Project description:Ulipristal acetate (UPA) is a selective progesterone receptor modulator (SPRM) used for emergency contraception and for the medical management of symptomatic uterine fibroids (UF). Treatment with UPA turns in amenorrhea and UF volume reduction. Treatment with UPA is associated with the frequent development of benign, transitory endometrial changes known as SPRM-associated endometrial changes (PAECs). Why PAECs develop and their biological or cellular basis is unknown. Sex steroids, including estrogen and progesterone, are established modulators of the actin cytoskeleton in various cells, including endometrial cells. This explains several morphological and functional changes in endometrial cells. We thus hypothesized that UPA may alter the appearance of the endometrium by interfering with the actions of 17β-estradiol (E2) or progesterone (P4) on actin dynamics. We isolated and cultured human endometrial stromal cells (ESC) from endometrial biopsies from healthy fertile women. Treatment with E2 or P4 stimulated visible actin rearrangements with actin remodeling toward the membrane.
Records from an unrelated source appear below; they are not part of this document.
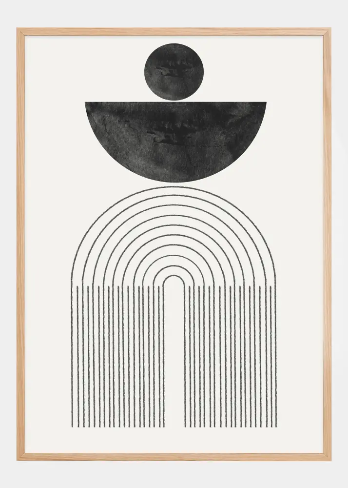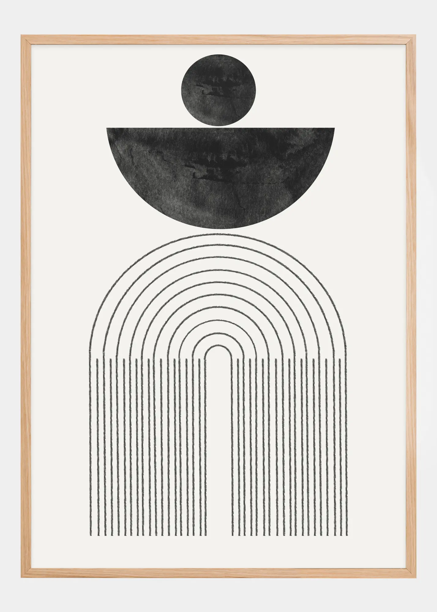 Deze gedurfde en suggestieve poster is een stijlvolle interpretatie van de maancycli en de harmonie van hemellichamen. De zwarte halve cirkel en de volle cirkel erboven illustreren de verschillende fasen van de maan, terwijl de golvende lijnen eronder lijken op architecturale zuilen of poorten naar een andere dimensie. Het zwart-wit contrast van het kunstwerk geeft een gevoel van elegantie en mystiek dat elke kamer verrijkt.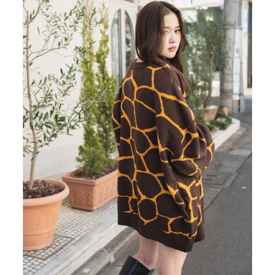 ルーズ総柄カーデ 韓国 韓国ファッション
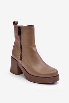 Bőr női sarkú bokacsizma Sötétbézs Lemar Leocera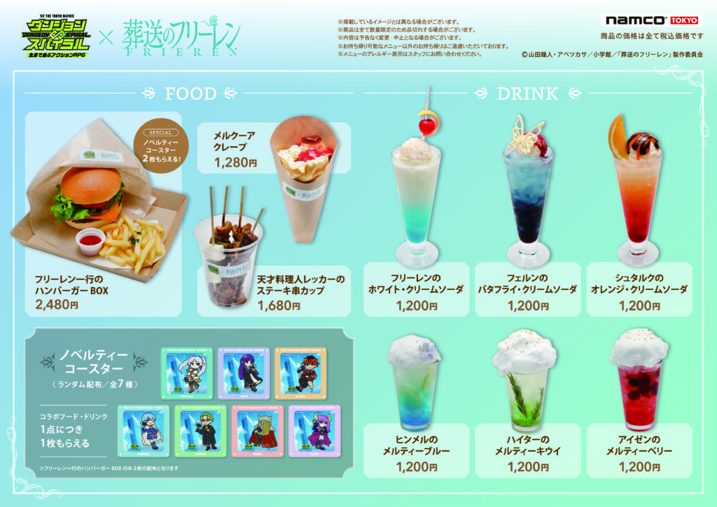 フリーレンキャラたちをイメージしたコラボフードやドリンクの提供。

Activation through phosphorylation of the actin regulatory proteins, Moesin, and focal adhesion kinase (FAK), hacked actin remodeling induced by E2 and P4. Membrane re-localization of Paxillin and Vinculin were also induced by E2 and P4, showing the formation of focal adhesion complexes. All these E2 and P4 actions were inhibited by co-treatment with UPA, which was otherwise inactive if given alone. The cytoskeletal changes induced by E2 and P4 turned into increased motility of ESC, and UPA again blocked the actions E2 and P4. In conclusion, we find that UPA interferes with the cytoskeletal actions of E2 and P4 in ESC. This finding helps understanding the mode of actions of SPRMs in the endometrium and may be relevant for other potential clinical applications of UPA.
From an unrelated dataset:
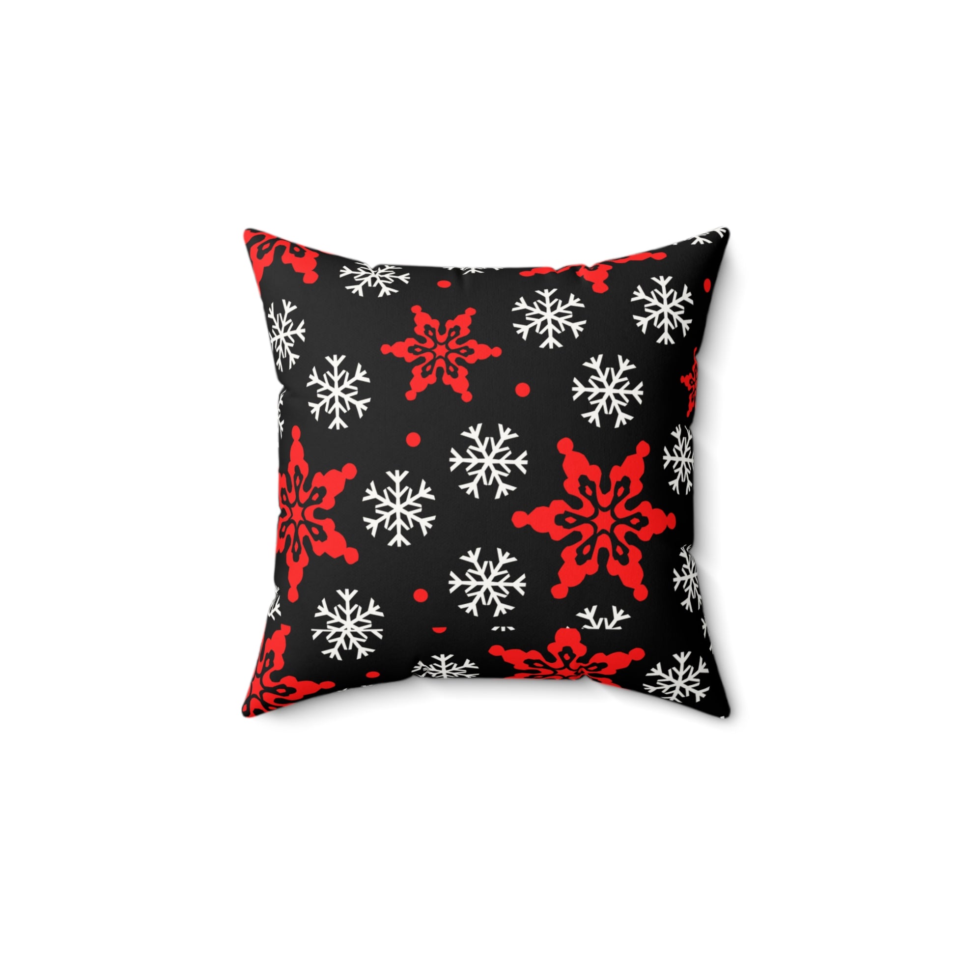 Soft, sculpted comfort with a bold holiday pulse. This faux suede square pillow pairs plush, velvety texture with a striking red-and-white snowflake motif on a deep black field. It adds visual warmth to a living room chair, anchors a layered couch arrangement, or slips onto a bedroom bench to bring seasonal contrast without feeling twee. The double-sided print keeps the pattern consistent from any angle, while the concealed zipper and overstuffed recycled-poly insert create a full, tailored silhouette that ages gracefully with everyday use.

Project description:Ulipristal acetate (UPA), a progesterone receptor (PR) modulator, is used as an emergency contraceptive in women. Here, using a mouse model, we investigated the mechanism of action of UPA as an ovulation blocker. In mice, ovulation is induced ~12 hours following the treatment with exogenous gonadotropins, including human chorionic gonadotropin (hCG), which mimics the action of luteinizing hormone (LH). When administered within 6 hours of hCG treatment, UPA is a potent blocker of ovulation. However, UPA's effectiveness declined significantly when it was given at 8 hours post hCG. Our study revealed that, when administered within 6 hours of hCG, UPA blocks ovulation by inhibiting PR-dependent pathways intrinsic to the ovary. At 8 hours post hCG, when the PR signaling has already occurred, UPA is unable to block ovulation efficiently. Collectively, these results indicated that UPA, when administered within a critical time window following the LH surge, blocks PR-dependent pathways in the ovary to function as an effective antiovulatory contraceptive.